前回同様、今回もナンバリングが外れております。
分割21話目となります。

それでは、どうぞ。


復讐の残滓

 ー福井県某所 某県道ー

 

 東尋坊を発った車は、三国港方面を経由して芦原温泉へと向かおうとしていた。その途中、夏場でも荒れることのある日本海と道路が面する区間に差し掛かった。

 その頃には、孝太と貫太、そして叔母も眠りについていた。東尋坊を発ってから比較的早い段階で睡眠薬の効果が表れていたようだ。

 

「…ああ、眠い。」

 

 ゴシゴシと目元を擦りつつも眠気の酷くなってくるなかで、叔父は東尋坊でもらったコーヒーを飲む。カフェインが大量に摂れるはずのそれが、睡眠薬の成分が大量に含まれていることでむしろ眠気を悪化させているとは、気付かないとはいえ何という悪循環であろうか。

 

「…眠くないのかい。」

「うん。」

「そっか。…今晩、楽しみだね。」

「…何が?」

「そりゃ、その…。…何だっけ。何かを言おうとしてたんだけどな…。」

 

 睡魔が想像以上に酷くなり、叔父の思考力が低下しつつあった。ふらふらと、車が左右に振れ始める。

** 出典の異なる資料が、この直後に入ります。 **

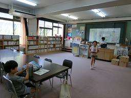 今日の午前中は,図書館開館日でした。支援員の先生に本を選ぶ相談に乗ってもらったり,借りた本を交換したり子どもたちがやってきました。おうちの人といっしょに来たり,児童館からやってくる子どもたちもいました。休み中もしっかり読書してください。

 潮時だと思ったのか、停車される前に少女は切り出した。

 

「叔父さん、今までありがとうね。」

「…何が、だい。」

「私を引き取ってくれたこと、私に生きる道を作ってくれたこと。…………そして、男がどんなヤツだったのかを思い出させて、また絶望させてくれたこと。」

 

 バックミラー越しから、少女の淡々とした話しぶりを見た叔父。その最後の言葉に、叔父は眠気の酷い中でもゾクッとする感覚を持った。最も、その原因は彼自身の行いにあったのだが。

 

「それにさ、不思議だよね。叔母さんも、孝太と貫太も、すっかり寝ちゃってさ。叔父さんも眠そうにしてるなんて。」

「…それが、どうかしたのかい。」

「変だと思わない?どうして、私は平然としているのか。まだ八時前なのに、皆こんなに眠っちゃっているのか。」

「……。」

 

 頭が重いなかで、叔父は考えたくもない可能性を導く。

 

「…まさか。」

「叔父さん、前!」

 

 彼女の顔を見ようとした直後、前方に曲線半径のきつい左カーブが目に飛び込む。直線が続いたことで状況判断力が下がっていたことにより、ずっと加速し続けていた。直線の終わりには必ず曲線があるという、その大原則を忘れて。

 

「ああっ!!」

 

 左に切ろうとするも、ハンドルとブレーキは間に合わなかった。

 五人の乗る車は赤いテールライトの光跡を残し、暗闇に包まれた日本海へと飛び込んだ。

 

 

 

 

 

 

 

 

 

 

 

 

 バシャーン!!

 

 

 

 

 

 

 

 

 

 

 

 

 高さ2~30mはあろうかという崖上の道路上から、巴投げのように背面飛行した車は、屋根から叩き落された。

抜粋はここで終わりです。